Et l'expérience menée au Voivre s'étend désormais sur toute la région. Salut, il est à bien. Ce matin, Michel Fournier a rendez-vous avec Michel Henrich, le maire d'Epinal.
Les deux élus préparent le dossier de la métropole du Grand Nancy pour le projet TIGA, un acronyme qui signifie Territoire d'Innovation, Grande Ambition. Le gouvernement français a lancé ce grand appel à projet pour financer des initiatives locales. Dix territoires se partageront 450 millions d'euros.
La métropole du Grand Nancy a répondu avec cette idée des hommes, des arbres, les racines de demain. Et très vite, la métropole du Grand Nancy s'est rendue compte qu'elle ne pouvait pas mener un projet comme ça sans la communauté d'agglomération et sans les autres territoires du Sud-Lorrain. Parce que TIGA, c'est le rassemblement de 71 partenaires.

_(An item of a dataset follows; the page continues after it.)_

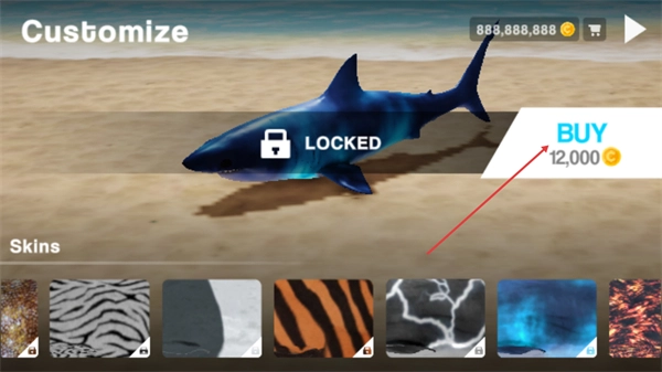 1、在Customize界面中,该鲨鱼皮肤处于LOCKED状态,点击右侧BUY按钮,消耗12000金币即可解锁该皮肤,也可选择下方其他皮肤样式进行更换。

Il y a 42 partenaires académiques, 12 collectivités et 21 industriels. Toujours par rapport à la filière ? Toujours.
Enfin, ça va plus loin que la filière. C'est un projet qui est sociétal, environnemental, et économique. Il n'y a pas que l'aspect purement industriel.
Il y a l'aspect santé, etc. Ce n'est pas une ambition à deux ans ou à un an. C'est une ambition à long terme.
Donc ça veut dire aussi qu'on a le devoir et on a l'obligation de poser des jalons pour qu'effectivement les choses puissent...
On travaille pour l'avenir. On travaille pour l'avenir. On est d'accord là-dessus.
Tout à fait. Inscrire cette énergie locale à une échelle plus large. Faire de son modèle rural une ambition nationale, c'est peut-être la plus belle victoire de Michel Fournier.
Des valeurs, une solidarité que le maire a su insuffler à force d'inventions, d'innovations et de courage. Michel Fournier a dû lutter contre les conservatismes et contre les idéologues pour tenter de redonner espoir aux habitants de son village. Une petite révolution, par l'action.